## What you need to do
Reproduce the records below exactly from their first line through the line containing "农民,草帽,稻穗,插画,丰收,笑容,劳动,田园,质朴,夏季", omitting all pictures.

## Data provided
# # # #
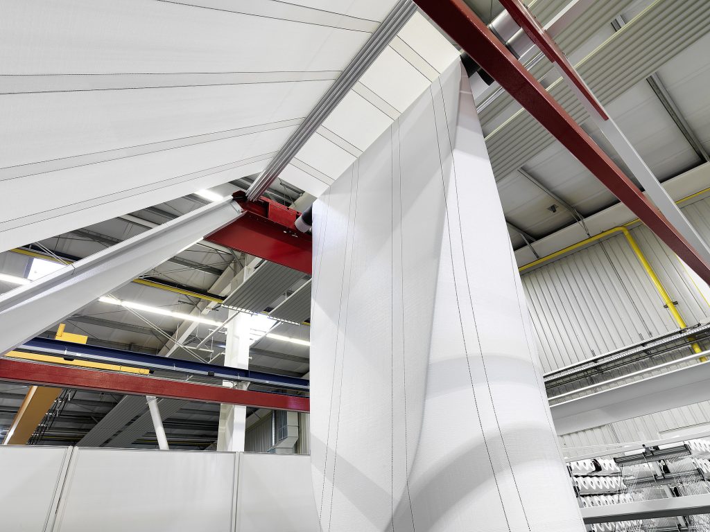 - Extrusion coating/lamination — A co‑extruded polyolefin tie joins film and fabric at a heated nip; coat‑weight control within ±1–2 g/m² stabilizes peel strength and foldability.
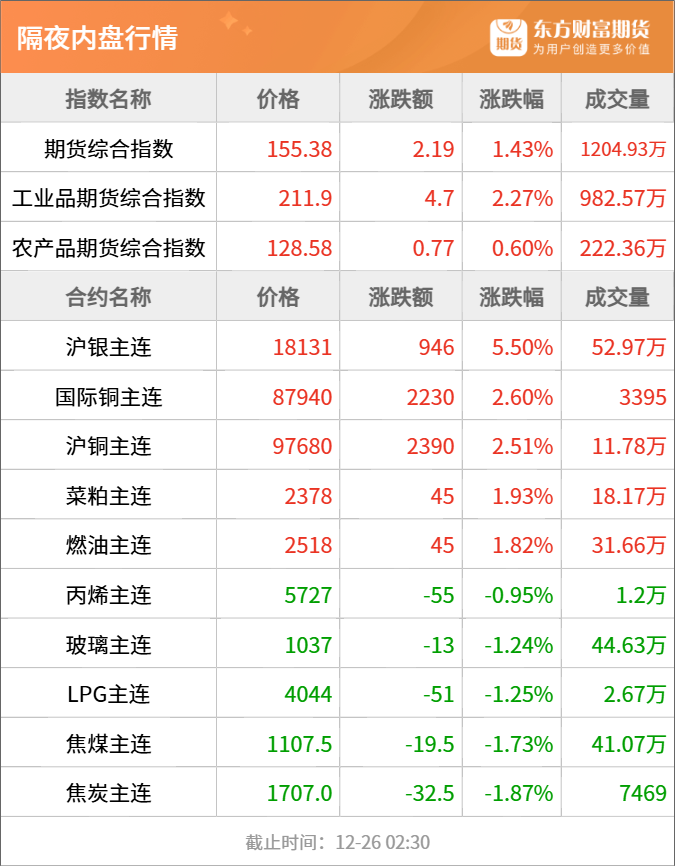 浦汇FxPro:东方财富期货早餐 12月26日 周五
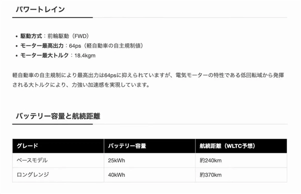 在配置方面,这款车配备了比日产、三菱同级别车型更大的25度磷酸铁锂电池,续航里程可达240公里,支持最高100kW的快充功能,甚至还配备了侧滑门,应对日本城市日常出行完全够用。如果消费者愿意增加预算,还可以选装40度的大容量电池,续航里程也会相应提升至370公里。
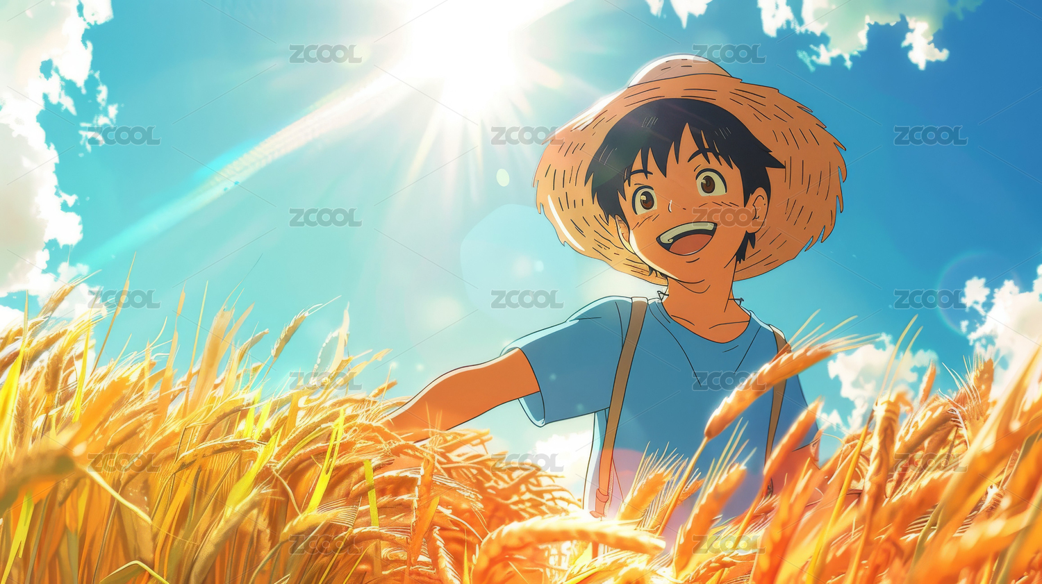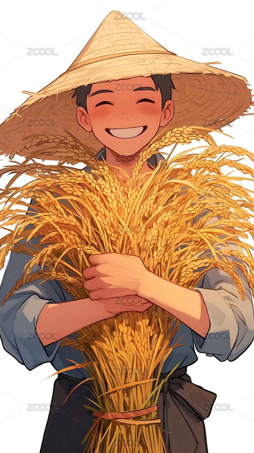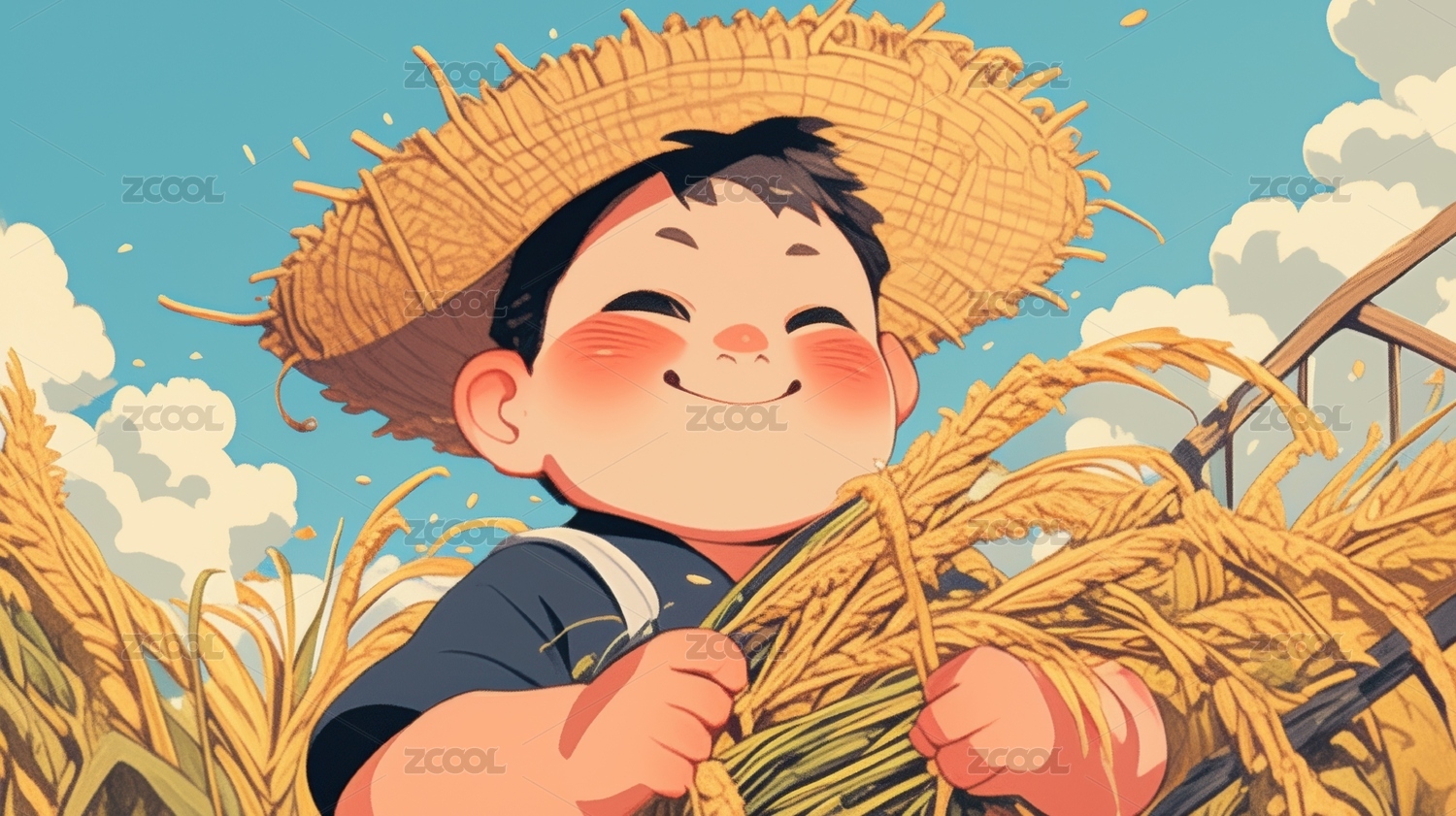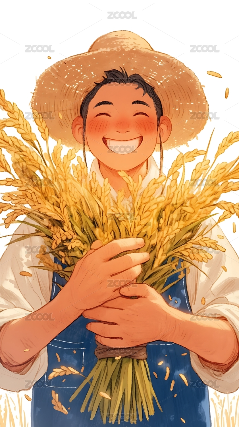 农民,草帽,稻穗,插画,丰收,笑容,劳动,田园,质朴,夏季
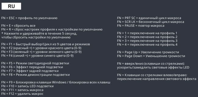 Поговорим о подсветке. Её настройка может быть выполнена двумя способами: на лету при помощи комбинации клавиш или при помощи фирменного ПО Portal. При комбинировании Fn+F1 вы меняете цвет текущего режима, например: изначально у вас был режим радужная волна, где цвет постоянно менялся, а потом после нажатия Fn+F1 у вас задействован только красный цвет. При повторении сочетания Fn+F1 вы меняете цвета последовательно: яркий зелёный, яркий красный, яркий синий, яркий фиолетовый и так далее, но при желании вы можете выбирать оттенки при помощи комбинирования клавиш Fn+F2 (красный), Fn+F3 (зелёный) или Fn+F4 (синий). У каждого оттенка есть 10 уровней яркости. Сочетание Fn+F5 меняет режим работы подсветки последовательно по списку, который можно настроить через фирменное ПО, отключив ненужные режимы. Всего предусмотрено десять режимов подсветки: статичный, радужная волна, прицел, затухание, дождь, настраиваемый, звёзды, дыхание, сонар и смена цветов. Все остальные комбинации клавиш, которых очень много, приведены в руководстве пользователя:
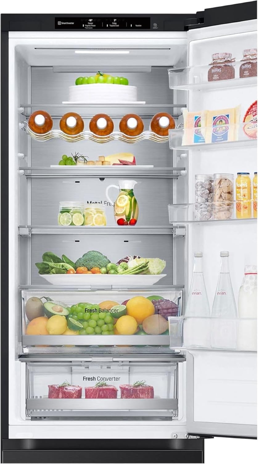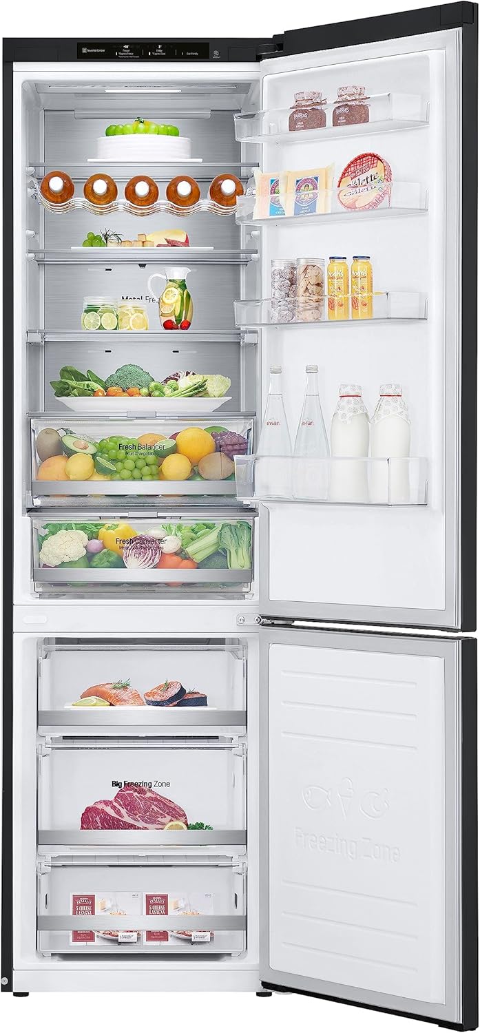 LG GBV22NCCEP Kühl-/Gefrierkombination – Smart Inverter Compressor, Total No Frost, Modern Flat Door Design, Matt Schwarz Metallic, Energieeffizienz A
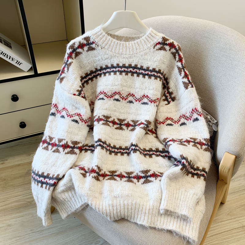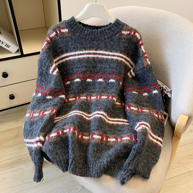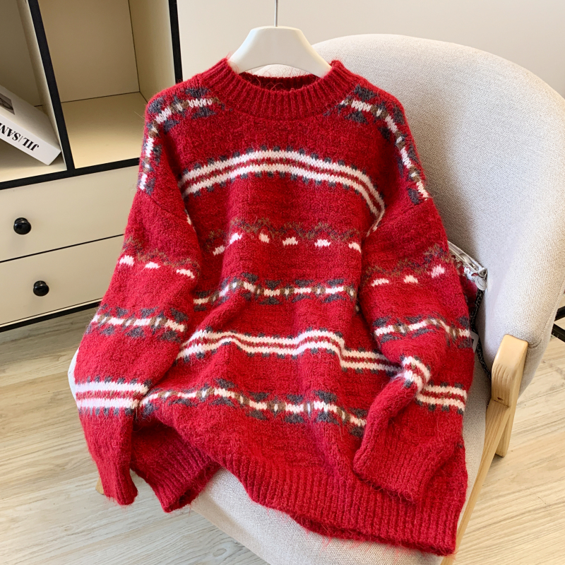 Loose middle-aged Casual sweater V-neck thin stripe tops
# # # #
## Written solution
 - Extrusion coating/lamination — A co‑extruded polyolefin tie joins film and fabric at a heated nip; coat‑weight control within ±1–2 g/m² stabilizes peel strength and foldability.
 浦汇FxPro:东方财富期货早餐 12月26日 周五
 在配置方面,这款车配备了比日产、三菱同级别车型更大的25度磷酸铁锂电池,续航里程可达240公里,支持最高100kW的快充功能,甚至还配备了侧滑门,应对日本城市日常出行完全够用。如果消费者愿意增加预算,还可以选装40度的大容量电池,续航里程也会相应提升至370公里。
 农民,草帽,稻穗,插画,丰收,笑容,劳动,田园,质朴,夏季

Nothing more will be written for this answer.